Com base em casos de abuso em larga escala e em teologias, Oakes questiona como o perdão é frequentemente exigido prematuramente. Ela reformula a cura pela perspectiva da justiça restaurativa, enfatizando a reparação, a reparação e o cuidado comunitário em detrimento de desculpas performáticas.

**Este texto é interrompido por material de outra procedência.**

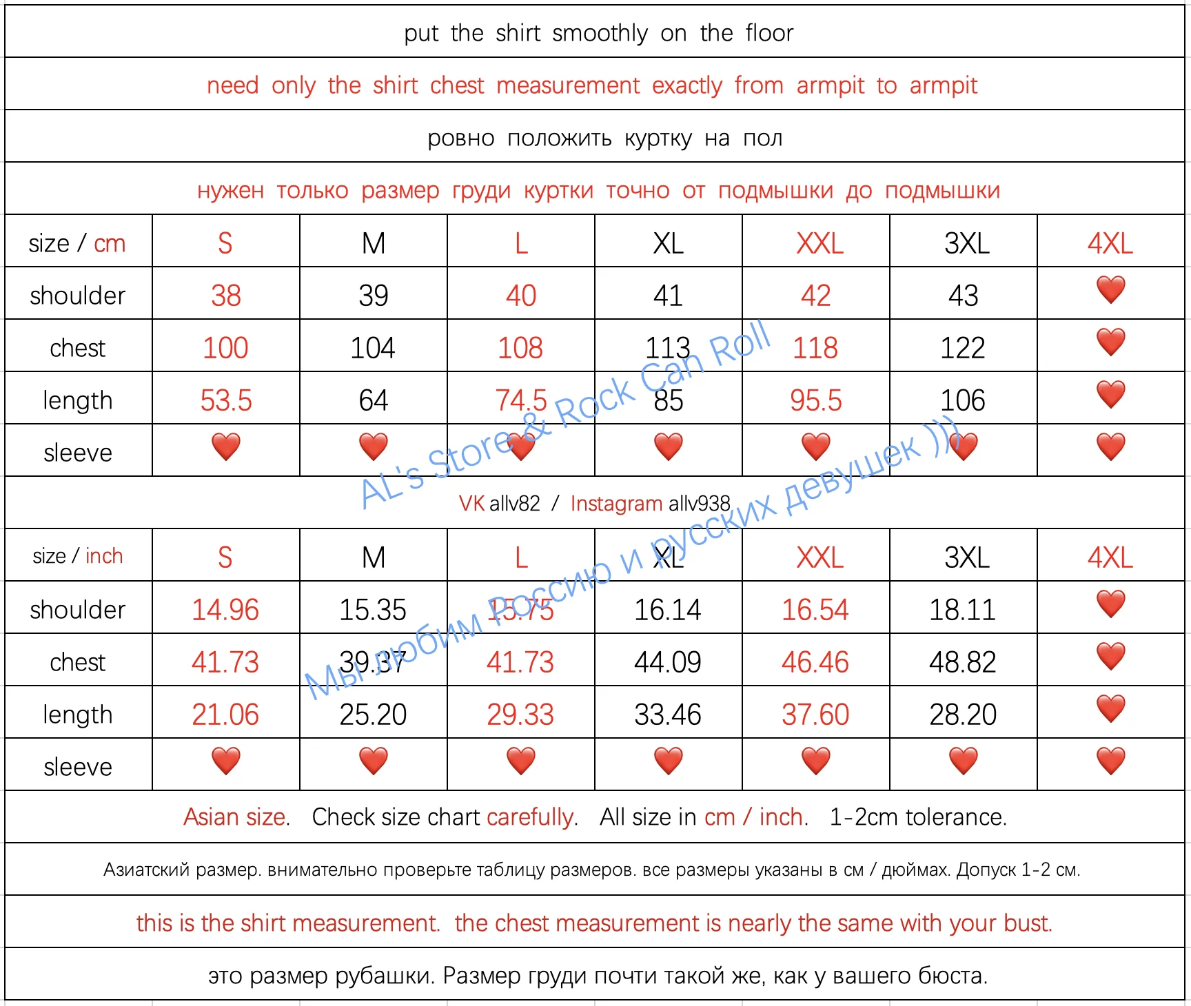 Пожалуйста, измерьте вашу куртку ниже:
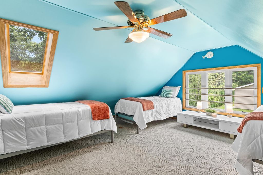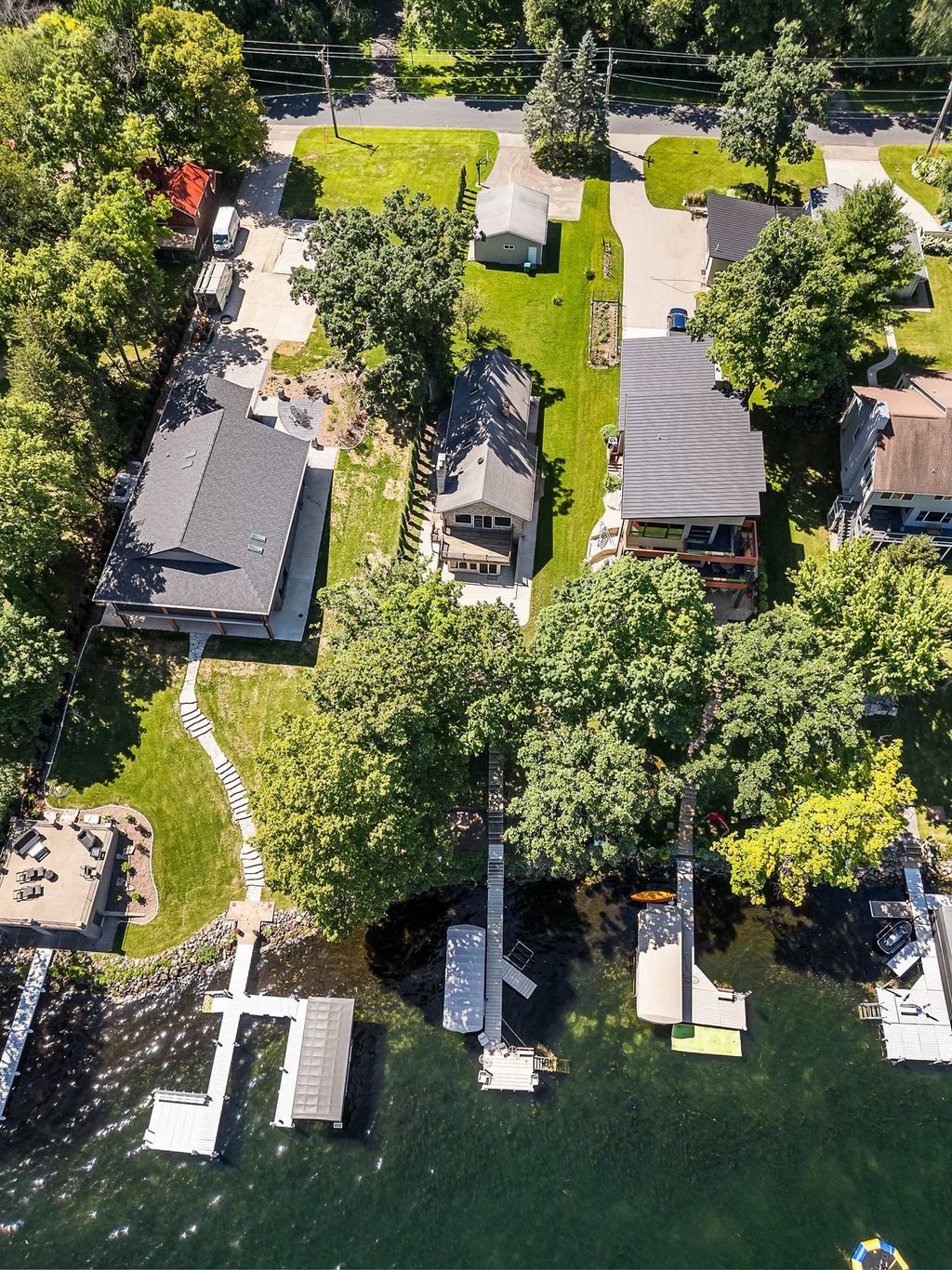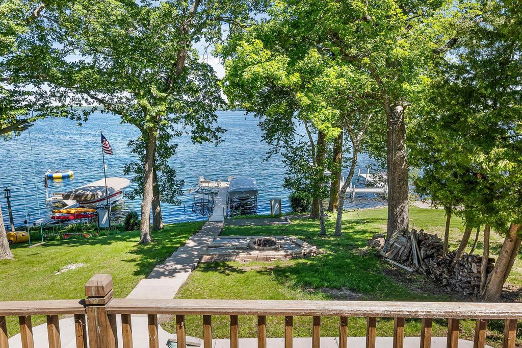 Lake living at its finest in this stunning 2 story walkout lake home! Boasting 3 bedrooms, a versatile den/sleeping area, and a loft for all of the kids and their friends. This residence offers the perfect blend of comfort and style. Entertain with ease in two spacious gathering areas adorned with two wood-burning fireplaces, ensuring cozy evenings and a touch of rustic charm, and a bar/ kitchenette area in the lower level family room. Take in breathtaking lake views from the lakeside seasonal porch, a tranquil space to unwind and soak in the beauty. Step outside to the lakeside firepit, perfect for roasting marshmallows or simply enjoying the crackling flames under the stars. With a gentle sloping yard leading to the lake and a private pier, your waterfront dreams come to life.
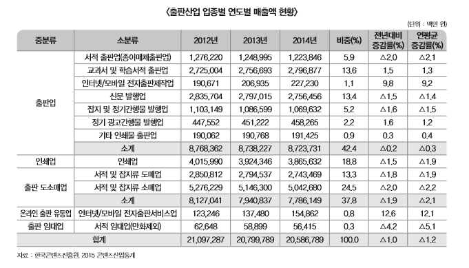 | 출판 도소매업 | 서적 및 잡지류 도매업 | 2,850,812 | 2,794,537 | 2,743,469 | 13.3 | 1.8증가 | 1.9증가 |
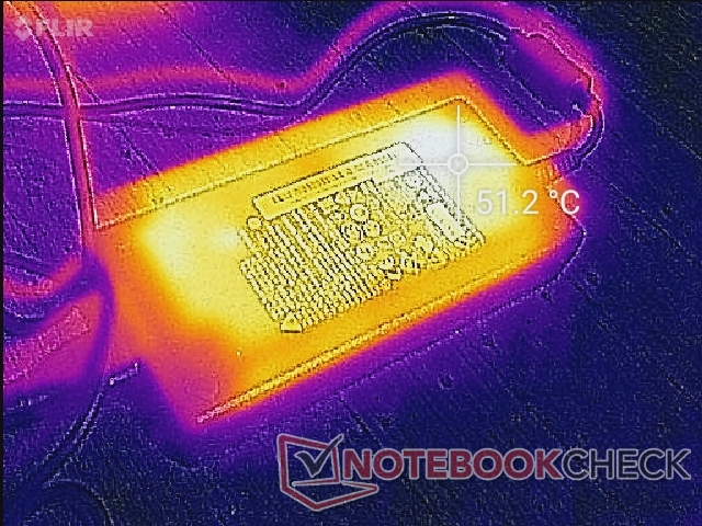Le temperature di superficie sono le più calde verso il centro della tastiera a quasi 41 °C quando sono sottoposte a carichi di lavorazione estremi. Al contrario, i punti caldi sulla maggior parte degli altri computer portatili si trovano in cima alla prima fila di tasti della tastiera, dove gli utenti hanno meno probabilità di essere toccati. Le temperature medie sono ancora più fresche rispetto a molte altre workstation da 17,3 pollici, inclusa la Dell Precision 7730. I supporti per i palmi, il touchpad e i tasti NumPad rimangono freddi indipendentemente dal carico di elaborazione.
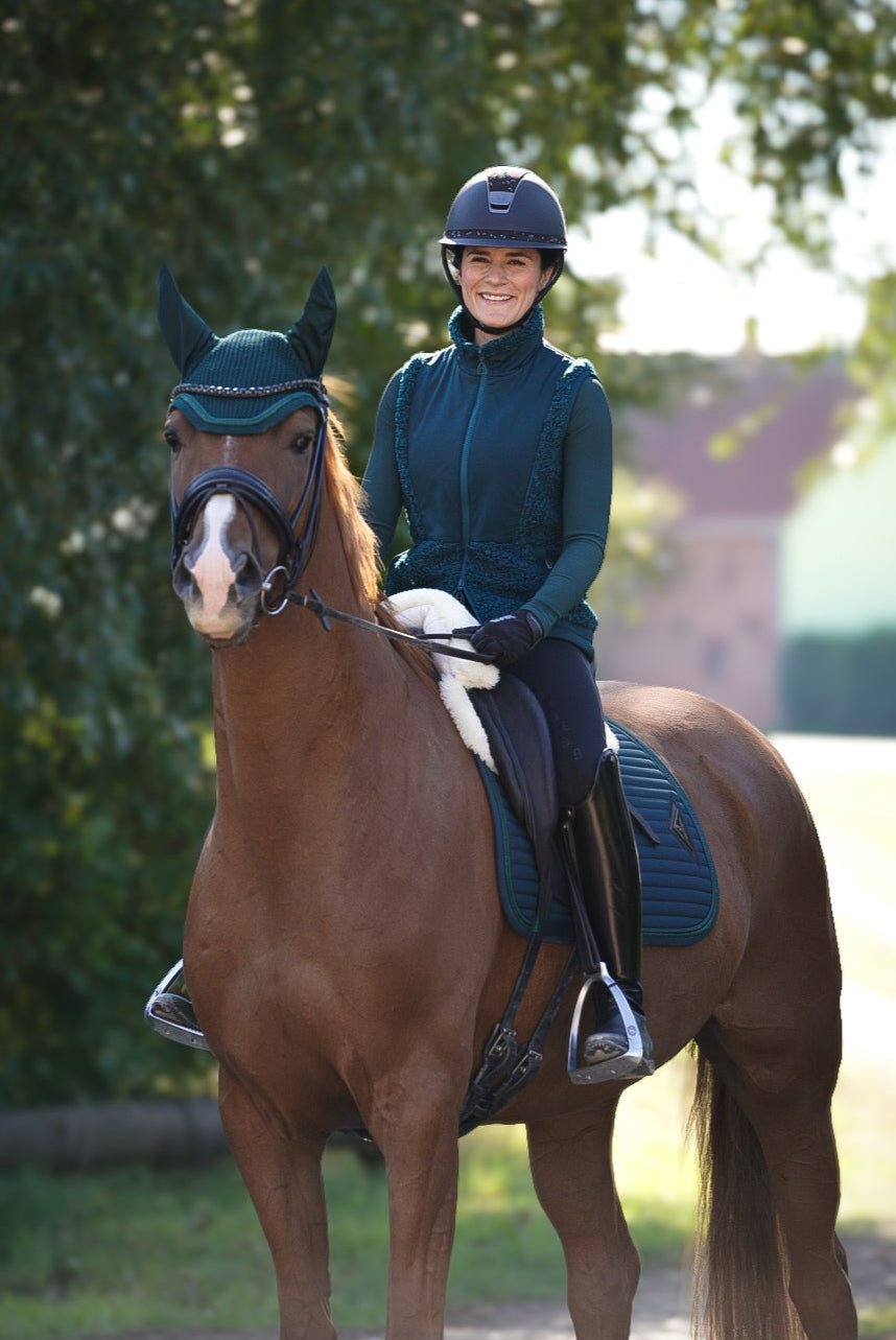 Diese stilvolle Schabracke vereint höchsten Komfort mit einem Hauch von Glamour. Die anatomische Form sorgt für optimale Widerristfreiheit und eine ideale Passform unter dem Sattel.

No meu próprio trabalho, utilizei mídias que vão desde vídeos curtos a ensaios aprofundados no Substack e um podcast. Grande parte desse conteúdo foi cocriado com a historiadora católica queer Emma Cieslik, combinando histórias pessoais e experiências vividas com teologia e história para desvendar ensinamentos nocivos e promover uma fé enraizada na justiça e na inclusão. Nosso objetivo é oferecer conversas acessíveis e honestas que ajudem a resgatar o catolicismo para todas as pessoas.
Em uma Igreja tão rica e diversa como o catolicismo, a polarização apenas enfraquece o testemunho de seus ensinamentos sociais fundamentais de justiça, solidariedade e dignidade humana. Em vez de recuar para campos opostos, há uma necessidade premente (modelada no apelo do Papa Leão XIV) de que os católicos se unam, apesar das diferenças, e ampliem os valores que nos unem. Ao focar na compaixão, na verdade e na inclusão, podemos construir mídias e comunidades que curam em vez de prejudicar, que educam em vez de excluir. Esse é o tipo de fé — e de Igreja — que todos nós merecemos.